YourKit has an interesting CPU profiling feature that allows focused profiling on certain areas of our code such as methods or subtrees in threads. This is very powerful as it allows for conditional profiling through its what-if feature.
Figure 5 shows an example of the thread-profiling interface:
We can also profile SQL, and NoSQL database calls with YourKit. It even provides a view for actual queries that were executed.
Though this is not a technical consideration, the permissive licensing model of YourKit makes it a good choice for multi-user or distributed teams, as well as for single-license purchases.
4. Java VisualVM
Java VisualVM is a simplified yet robust profiling tool for Java applications. By default, this tool is bundled with Sun’s distribution of the Java Development Kit (JDK).
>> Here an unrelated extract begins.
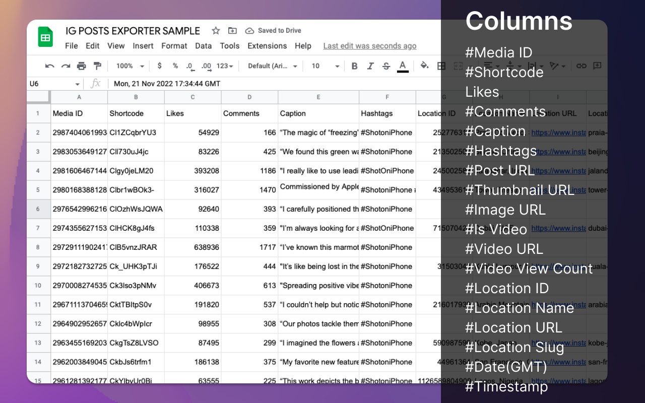 A chrome extension made for people who want to export posts from Instagram into Excel.

Its operation relies on other standalone tools provided in the JDK, such as JConsole, jstat, jstack, jinfo, and jmap.
Below, we can see a simple overview interface of an ongoing profiling session using Java VisualVM:
One interesting advantage of Java VisualVM is that we can extend it to develop new functionalities as plugins. We can then add these plugins to Java VisualVM’s built-in update center.
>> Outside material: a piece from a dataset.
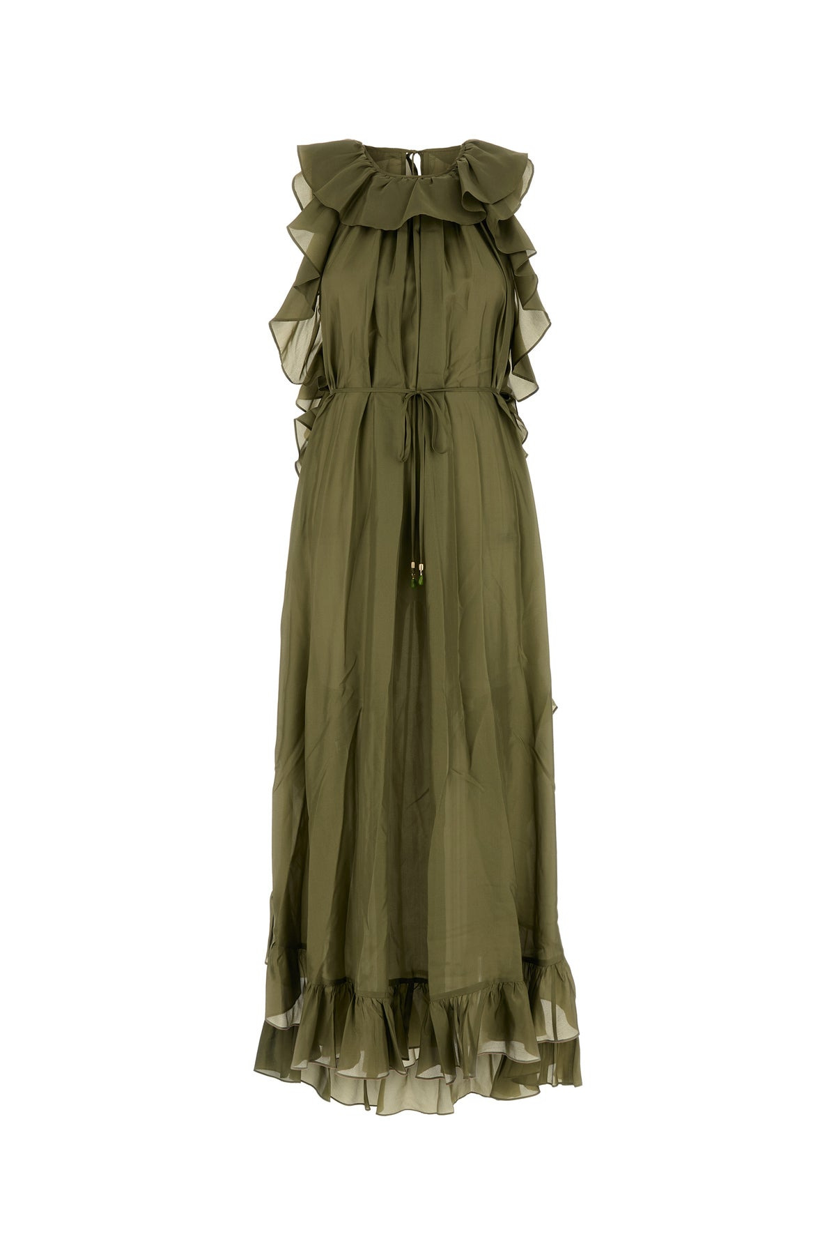 Dress realized in pure silk characterized by flounces on the sides and on the hemline. - Crew-neck - Laces to tie closure at the back - Backless - Unlined DETAILS Olive green silk Cascadian dress Exterior: 100% Silk Made in china Sample size: 1

Java VisualVM supports local and remote profiling, as well as memory and CPU profiling. Connecting to remote applications requires providing credentials (hostname/IP and password as necessary) but does not provide support for ssh tunneling. We can also choose to either enable real-time profiling with instant updates (typically every 2 seconds).
Below, we can see the memory outlook of a Java application profiled using Java VisualVM:
Netbeans Profiler is also a good choice for lightweight development and profiling. NetBeans Profiler provides a single window for configuring and controlling the profiling session and displaying the results. It gives a unique feature of knowing how often garbage collection occurs.
6. Other Solid Profilers
Some honorable mentions here are Java Mission Control, New Relic, and Prefix (from Stackify) – these have less market share overall, but definitely, do deserve a mention. For example, Stackify’s Prefix is an excellent lightweight profiling tool, well-suited for profiling not only Java applications but other web applications as well.
In this write-up, we discussed profiling and Java Profilers. We looked at the features of each Profiler and what informs the potential choice of one over another.
There’re many Java profilers available with some having unique characteristics. The choice of which Java profiler to use, as we’ve seen in this article, is mostly dependent on a developer’s selection of tools, the level of analysis required, and features of the profiler.